A physician is expected to be able to perform an external post-mortem examination after finishing his medical training and certainly after finishing his specialist training. But if during both training programs one is sparsely educated on the subject, one could wonder how competent one is on the matter of external post-mortem examination. And even if the applicable forms are self-explanatory and the A-form mentions that a physician may only sign if they are convinced of a natural death, practice has shown that physician fill out and sign the forms automatically without reading. It is seen as an administrative box-ticking exercise part of the death-procedure.
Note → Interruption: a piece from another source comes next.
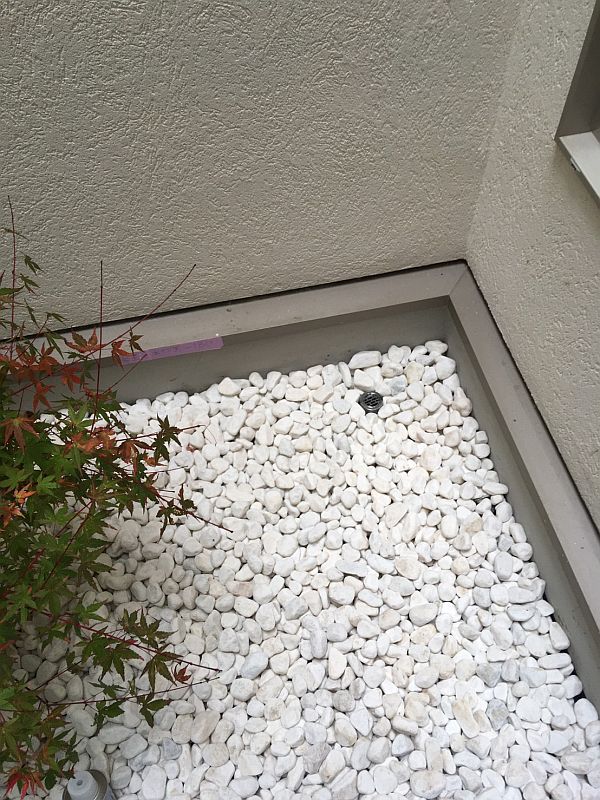さて、この坪庭ですが、四方を壁で囲んでいるため、集中豪雨など短時間で大量の雨が降った時の排水処理が施工上のポイントになります。そこで、どのような排水処理を施しているか、カンタンに説明しておきます。

The judicial and societal relevance of this action is disappearing into the background.
It could be that sufficient legal knowledge contributes to the feeling of competence, as there was a significant difference between the group that feels competent and the group that doesn’t in the matter of legal knowledge. Considering the fact that the Dutch system of external post-mortem examination gives the GP a crucial and pivotal role, it is essential that the GP is competent to perform this task. The Dutch system of external post-mortem examination can be improved on several points as the education in the subject is almost non-existent and the only guideline on the matter [9] is not very specific. It is also not helpful that the law, especially the Dutch Burial Act, is not clear about what a physician is required to do when performing an external post-mortem examination. All the above leads to GPs not knowing how to adequately perform external post-mortem examinations and not receiving the exact indications from the legislator as to what is expected of them, but still teaching GP registrars. The same issue was seen with clinicians [7] and even though the whole system could be improved, proper educations and training on the subject could give significant benefits. This would give physicians who performs external post-mortem examinations more clarity on their tasks and make them actually competent in this matter.
The authors declare that they have no known competing financial interests or personal relationships that could have appeared to influence the work reported in this paper.